> [Exercise details]: The output has to be the full set of records, reproduced exactly, minus any picture.

--- Extracted material Enclosed Below ---

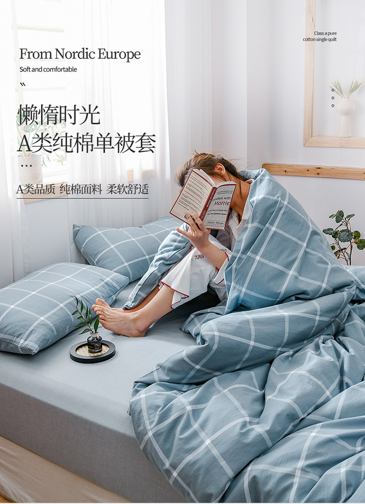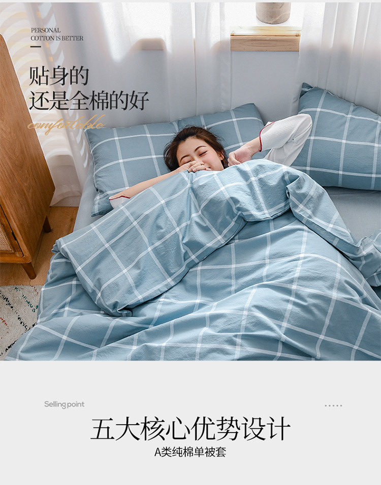 商品名称:恋人优选 2023新款纯棉水洗单被套海蓝格
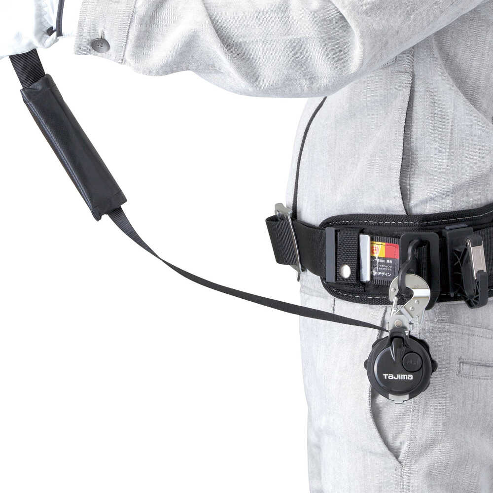 ●ベルト装着スペースわずか4cm(D環止め(2穴)使用時)です。●邪魔にならない小型巻取器(直径57mm)です。●ちょい掛けフックホルダーを採用しています。●色:黒●フック口開き(mm)人体側:9●フック口開き(mm)構造物側:55●フックタイプ:L1(高耐久スチール)●最大使用可能質量(kg):100●長さ(mm):1500●フック:L1(高耐久スチール)●ランヤード寸法幅(mm):16.5●ランヤード寸法長さ(mm):1500●種類:胴ベルト型●ロック装置:なし●ショックアブソーバ 種別:第一種(4kN)●落下距離(m):2.7●最大自由落下距離(m):1.8●種類:胴ベルト型●ロック装置:なし●ショックアブソーバ 種別:第一種(4kN)●最大自由落下距離:1.8m●落下距離:2.7m 質量820g
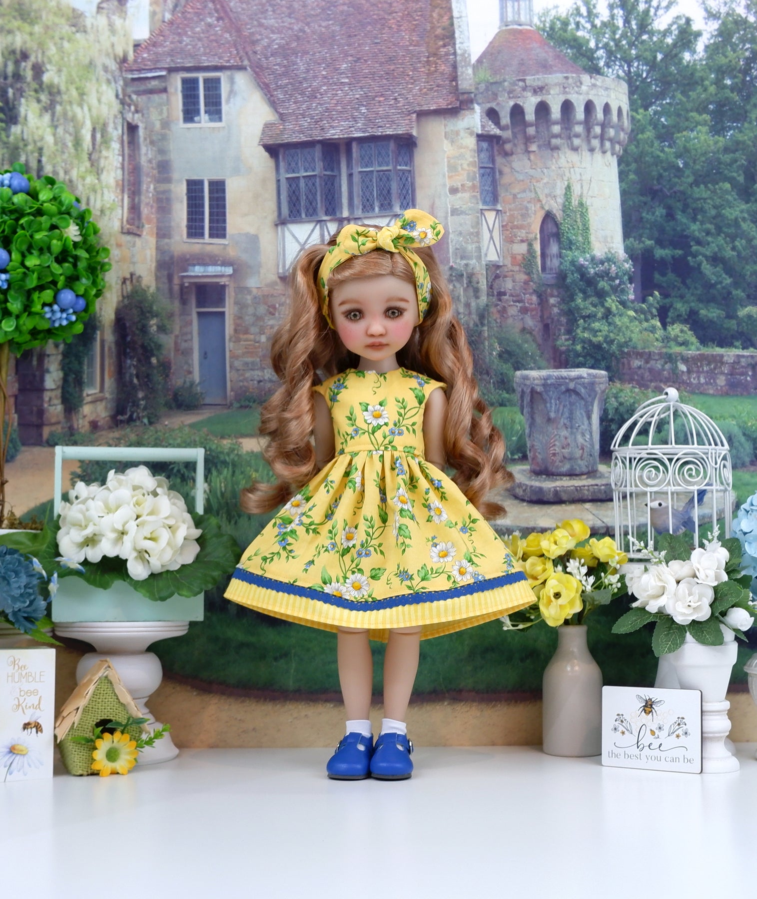 This lovely dress ensemble is a great addition to any Ruby Red Fashion Friend's wardrobe. The dress is made of a beautiful daisy print with blue floral on yellow cotton. The fully lined bodice features a cap sleeve. The skirt is full and gathered at the waist for a wonderful silhouette with blue crochet lace above the contrast yellow stripe print cotton at the hem. The dress fastens in back with buttons. Add the matching headband for a hair accessory. The retro style knot headband is made of flower & stripe print cottons and features elastic behind the neck for easy styling.
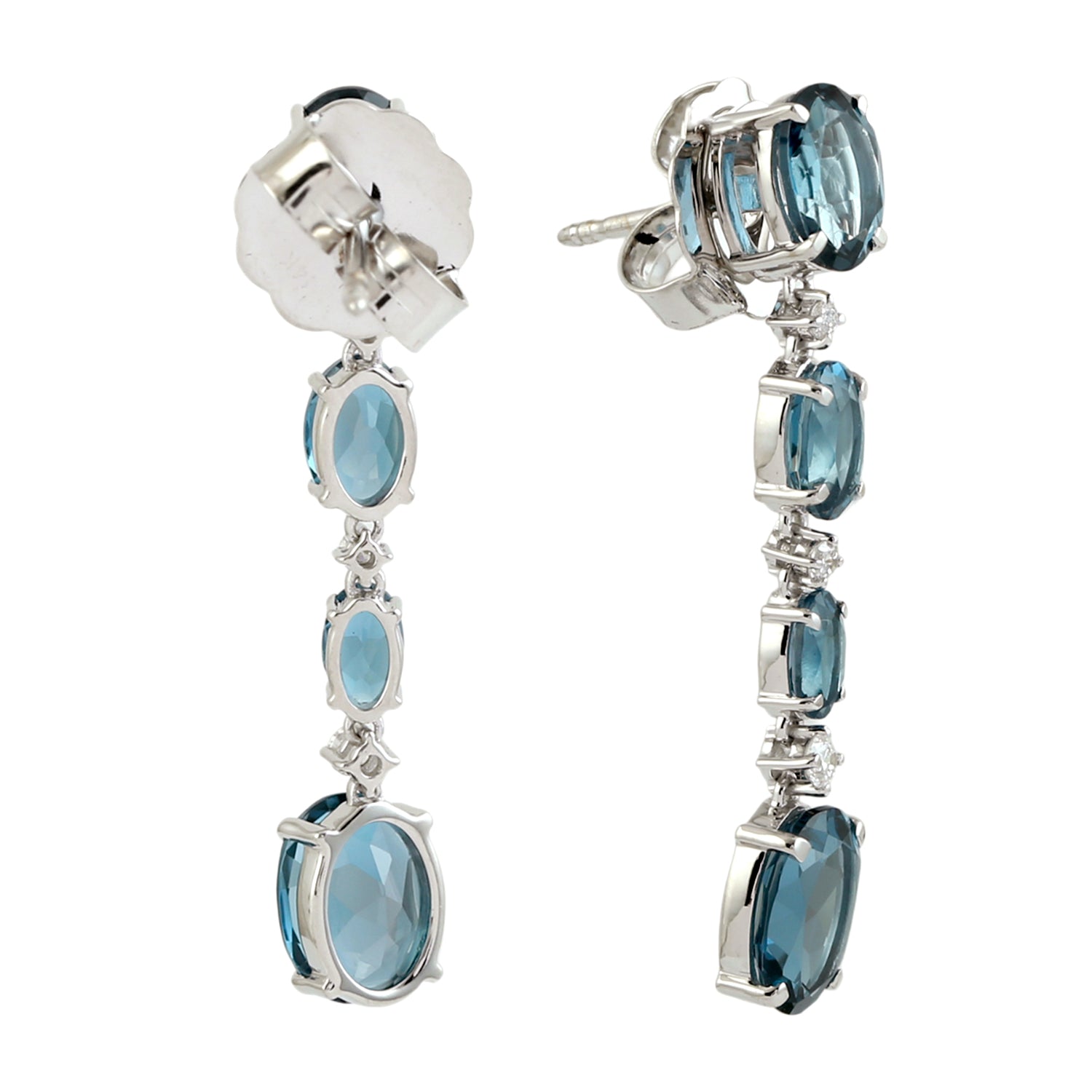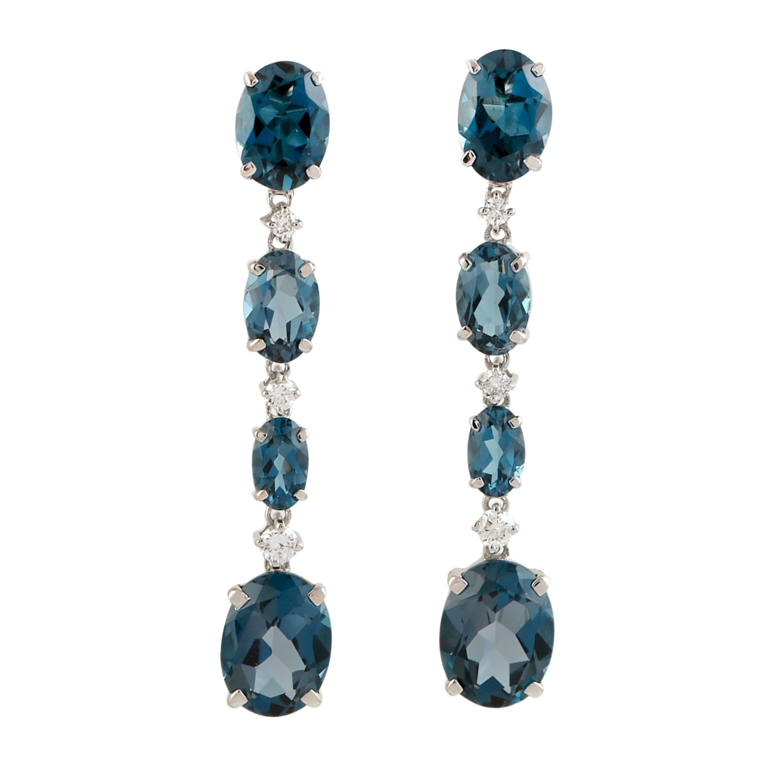 14K White Gold Oval Cut London Topaz Prong Diamond Designer Dangler Earrings
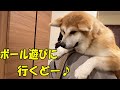 秋田犬そら(青空)独り遊び、響には負けないぞ!
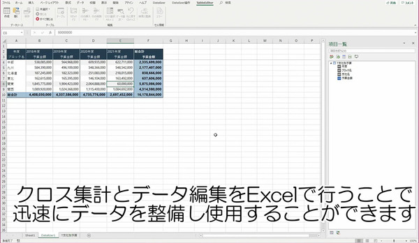 画面1:クロス集計とデータ編集をExcelで実行(出典:ウイングアーク1st)拡大画像表示
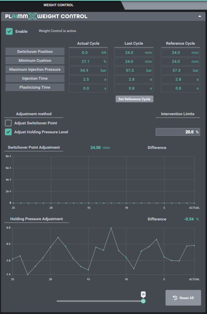 - Reference Cycle contains the predefined reference values used to stabilize product weight. These target values help ensure consistent shot weight.
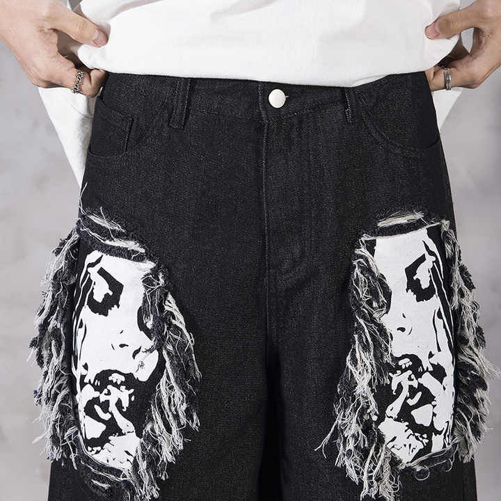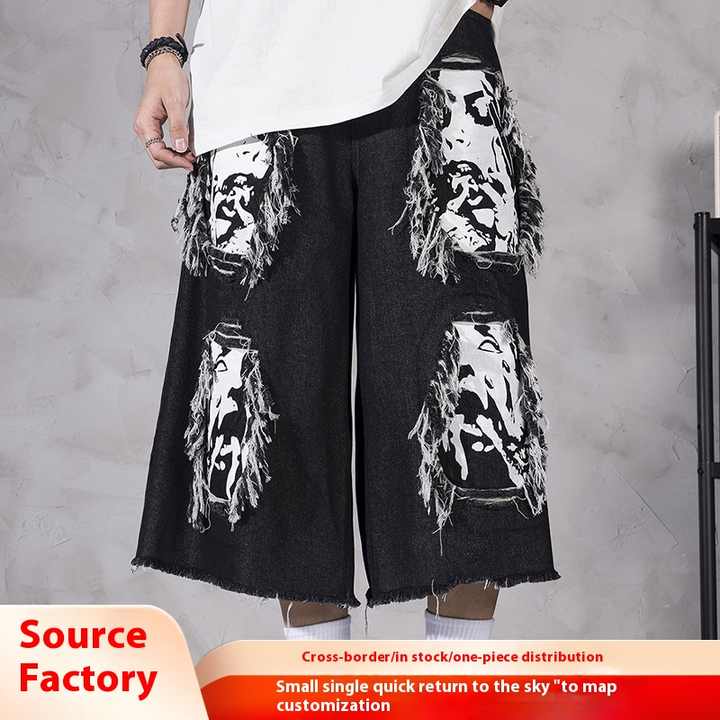 بنطلون جينز رجالي بطبعة رقمية على شكل جمجمة من Cyberpunk، بنطلون جينز واسع الساق يصل إلى الكاحل، مقاس كبير، جينز مستقيم الساق
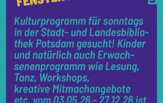 Die Zusammenarbeit von KulturMachtPotsdam und der Stadt- und Landesbibliothek in Potsdam geht weiter! Von Mai bis Juni haben wir bereits Termine. Die restliche Zeit des Jahres werden wir später verteilen. Deshalb gebt bitte an, ob ihr auch zu einem späteren Zeitpunkt im Jahr zur Verfügung steht.
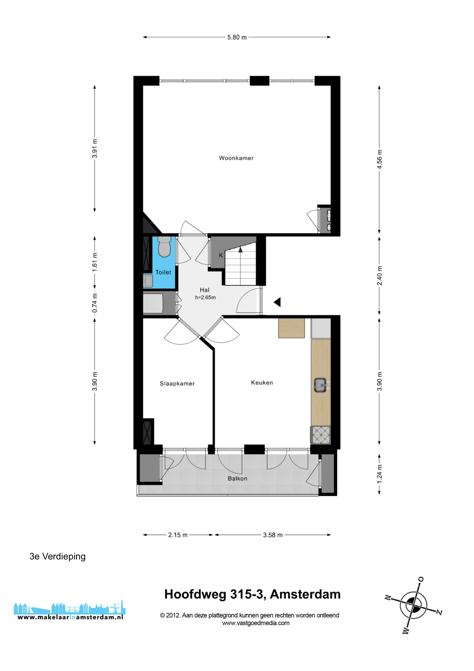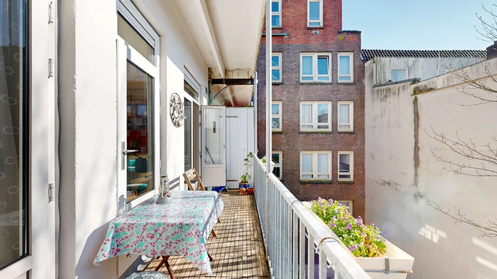 Op de derde verdieping bevinden zich aan de achterzijde de gezellige woonkeuken met toegang tot het balkon. Dankzij de drie openslaande deuren is er een mooie verbinding tussen binnen en buiten. Het balkon is over de gehele breedte van de woning gesitueerd en ligt ideaal op het westen.

--- End of Enclosed Extracted material ---

> [Result]:
 商品名称:恋人优选 2023新款纯棉水洗单被套海蓝格
 ●ベルト装着スペースわずか4cm(D環止め(2穴)使用時)です。●邪魔にならない小型巻取器(直径57mm)です。●ちょい掛けフックホルダーを採用しています。●色:黒●フック口開き(mm)人体側:9●フック口開き(mm)構造物側:55●フックタイプ:L1(高耐久スチール)●最大使用可能質量(kg):100●長さ(mm):1500●フック:L1(高耐久スチール)●ランヤード寸法幅(mm):16.5●ランヤード寸法長さ(mm):1500●種類:胴ベルト型●ロック装置:なし●ショックアブソーバ 種別:第一種(4kN)●落下距離(m):2.7●最大自由落下距離(m):1.8●種類:胴ベルト型●ロック装置:なし●ショックアブソーバ 種別:第一種(4kN)●最大自由落下距離:1.8m●落下距離:2.7m 質量820g
 This lovely dress ensemble is a great addition to any Ruby Red Fashion Friend's wardrobe. The dress is made of a beautiful daisy print with blue floral on yellow cotton. The fully lined bodice features a cap sleeve. The skirt is full and gathered at the waist for a wonderful silhouette with blue crochet lace above the contrast yellow stripe print cotton at the hem. The dress fastens in back with buttons. Add the matching headband for a hair accessory. The retro style knot headband is made of flower & stripe print cottons and features elastic behind the neck for easy styling.
 14K White Gold Oval Cut London Topaz Prong Diamond Designer Dangler Earrings
 秋田犬そら(青空)独り遊び、響には負けないぞ!
 画面1:クロス集計とデータ編集をExcelで実行(出典:ウイングアーク1st)拡大画像表示
 - Reference Cycle contains the predefined reference values used to stabilize product weight. These target values help ensure consistent shot weight.
 بنطلون جينز رجالي بطبعة رقمية على شكل جمجمة من Cyberpunk، بنطلون جينز واسع الساق يصل إلى الكاحل، مقاس كبير، جينز مستقيم الساق
 Die Zusammenarbeit von KulturMachtPotsdam und der Stadt- und Landesbibliothek in Potsdam geht weiter! Von Mai bis Juni haben wir bereits Termine. Die restliche Zeit des Jahres werden wir später verteilen. Deshalb gebt bitte an, ob ihr auch zu einem späteren Zeitpunkt im Jahr zur Verfügung steht.
 Op de derde verdieping bevinden zich aan de achterzijde de gezellige woonkeuken met toegang tot het balkon. Dankzij de drie openslaande deuren is er een mooie verbinding tussen binnen en buiten. Het balkon is over de gehele breedte van de woning gesitueerd en ligt ideaal op het westen.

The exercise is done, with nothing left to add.